I look forward to seeing if you can guide me through this next minor dilemma. 
Karin


----------



## MPR (Aug 28, 2010)

Actually, and I should have said this previously, if the Tablet PC Components box was already checked then you probably should uncheck it, reboot the computer, then recheck it (with another restart after this). You might try this and see if the shortcuts appear where they are supposed to (the Snipping Tool should be directly under Accessories).

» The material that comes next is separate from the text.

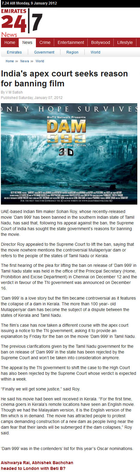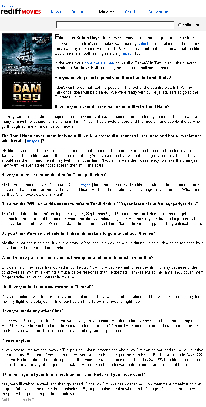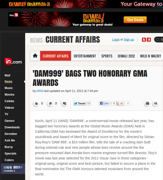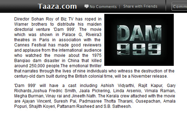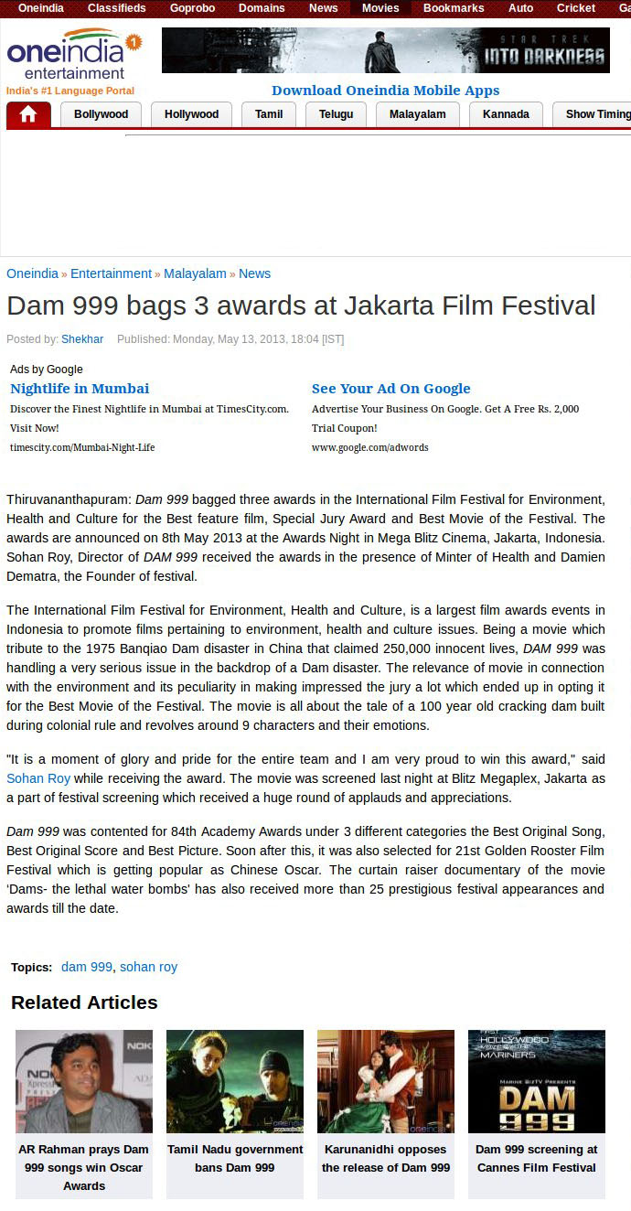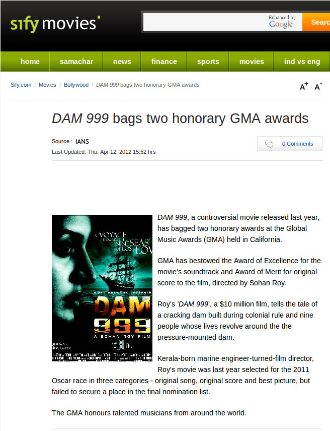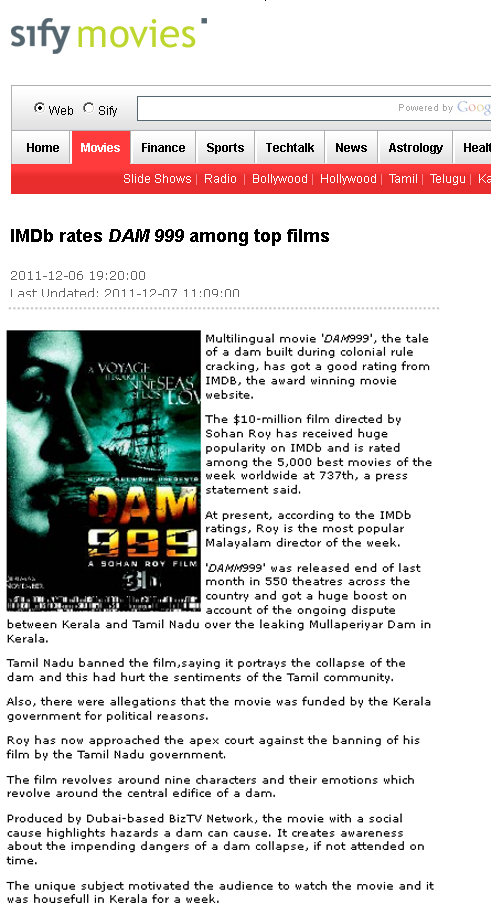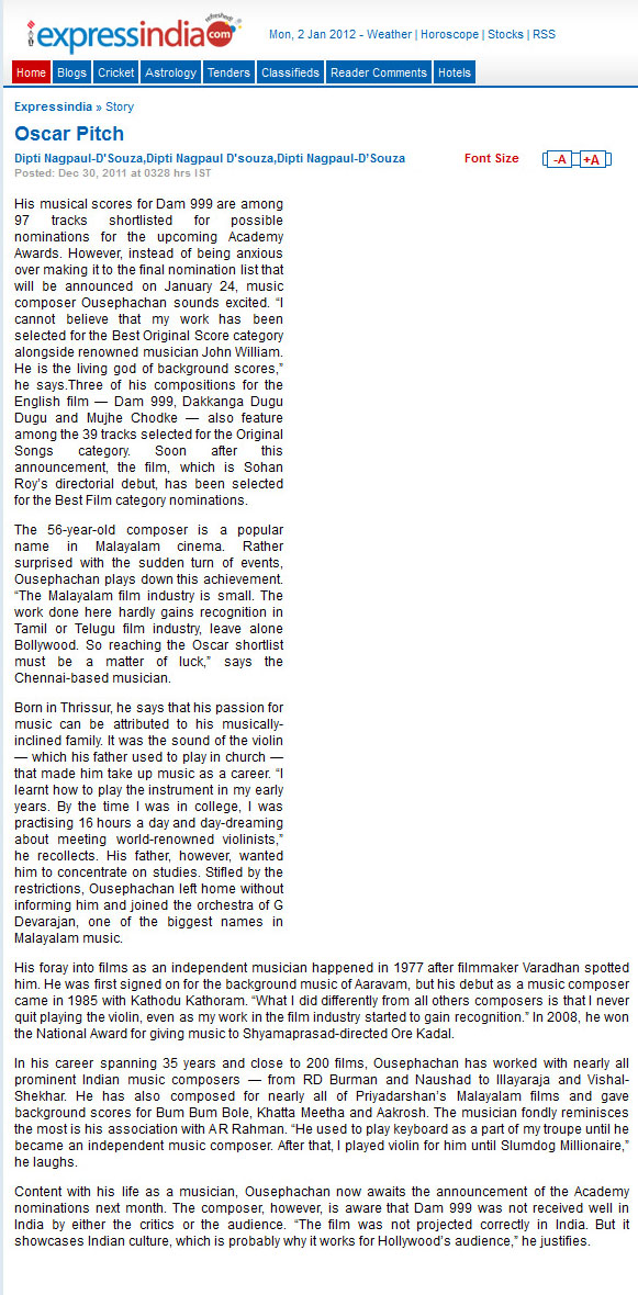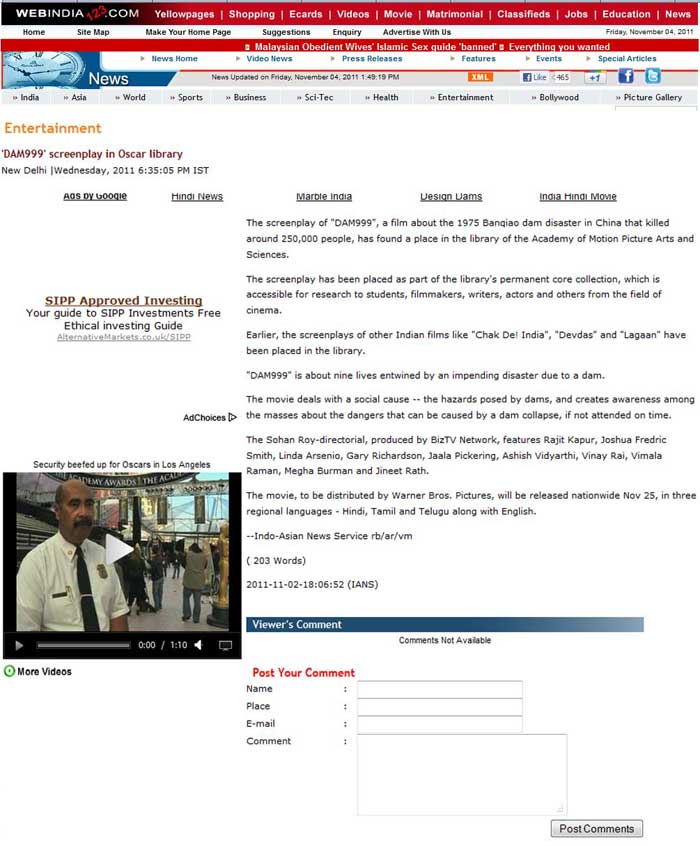 - DAM999' screenplay in Oscar library -Webindia123.com
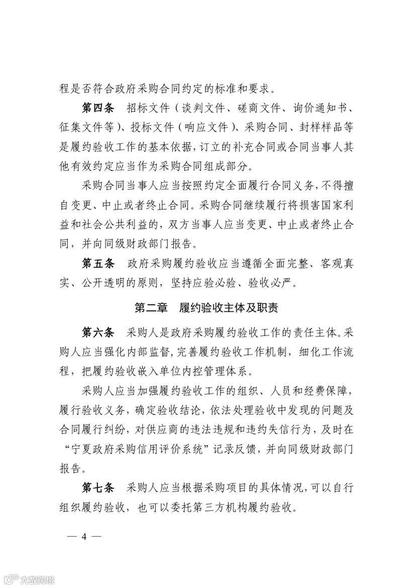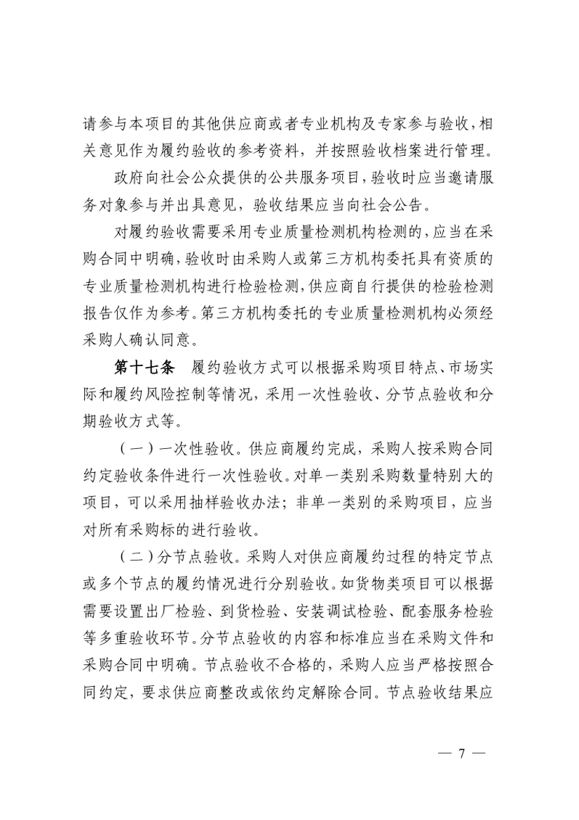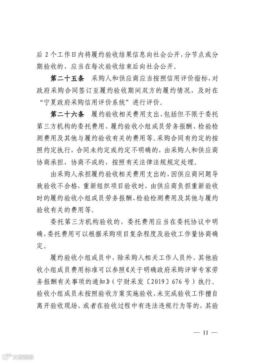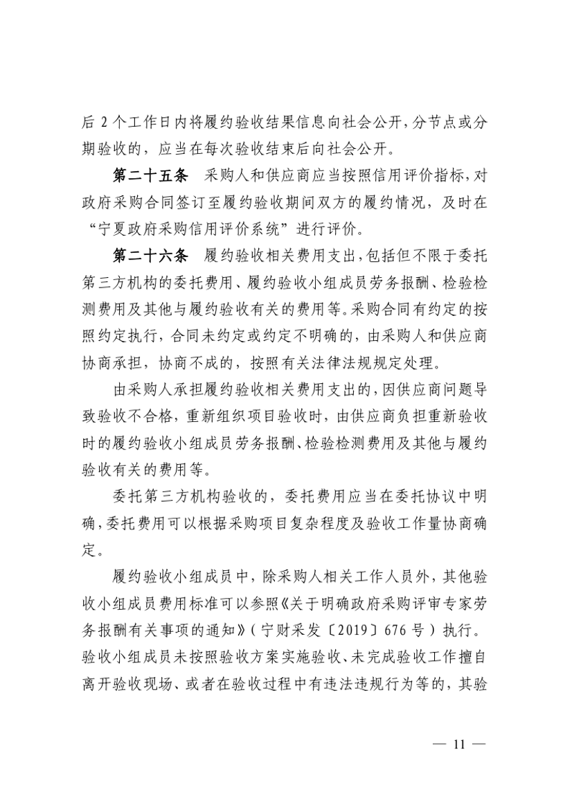 宁夏回族自治区财政厅日前印发了《关于印发<宁夏回族自治区政府采购履约验收管理暂行办法>的通知》(宁财规发〔2022〕10号,以下简称《通知》)。指出,宁夏财政厅研究制定了《宁夏回族自治区政府采购履约验收管理暂行办法》(以下简称《办法》),《办法》自2022年9月1日起施行,有效期至2024年8月31日。《关于印发<宁夏回族自治区本级政府采购项目验收管理办法>的通知》(宁财采发〔2014〕686号)同时废止。

You _can_ edit the All Programs area in Win 7 but it requires turning off the read-only attributes of the folders for the proper user accounts -- it's easiest to just use the pin feature. Remember that you can pin folders too.


----------



## Bill_Bright (Dec 17, 2004)

> Can't locate it with search either


I realize this is resolved, but this caught my attention. You should have been able to just start typing _snipping tool _ in the Search text box, and "Snipping Tool" should have appeared at the top of the list. Can you do that now?


----------



## karinm (Sep 6, 2011)

MPR said:


> Actually, and I should have said this previously, if the Tablet PC Components box was already checked then you probably should uncheck it, reboot the computer, then recheck it (with another restart after this). You might try this and see if the shortcuts appear where they are supposed to (the Snipping Tool should be directly under Accessories).


I actually did the restart both times :wave: but thanks for the tip. The tool still is not in the accessories folder. 




MPR said:


> You _can_ edit the All Programs area in Win 7 but it requires turning off the read-only attributes of the folders for the proper user accounts -- it's easiest to just use the pin feature. Remember that you can pin folders too.


ray: I knew there had to be a way to do it as it was possible in XP. I haven't really given it much time as far as playing and looking around so it's as much my fault as the program being different. I REALLY like the 'pin' option and yes I did realize the folders can be pinned too. :1angel:

Anyway, thanks again for all your help...
TTFN, Karin


----------



## karinm (Sep 6, 2011)

Bill_Bright said:


> I realize this is resolved, but this caught my attention. You should have been able to just start typing _snipping tool _ in the Search text box, and "Snipping Tool" should have appeared at the top of the list. Can you do that now?


Hi Bill, I did try the text box search (though I MUST say that I like the old search better, you could search different criteria using different parameters). It never came up when I typed it in. I came upon this board when I expanded my 'search' to google and typed in 'Windows Snipping Tool' also 'Snipping Tool in 7' and several other variations. The ONLY time it came up was when I put in the link that MPR left me in his original reply. Then it was a matter of figuring out how to put it where it belonged (still working on that, though not diligently).

Thank you for trying to help, I REALLY appreciate all the input I can get :wave:
TTFN, 
Karin


----------



## Bill_Bright (Dec 17, 2004)

That's odd. As for figuring out how to put it where you want it, once it comes up using MPR's link, you should be able to drag that to your desktop, taskbar, or Start menu. If you hold the Ctrl key while dragging, it will copy instead of moving. Or better yet, right click on it and send to desktop as shortcut. Then you can move the shortcut where you want.


----------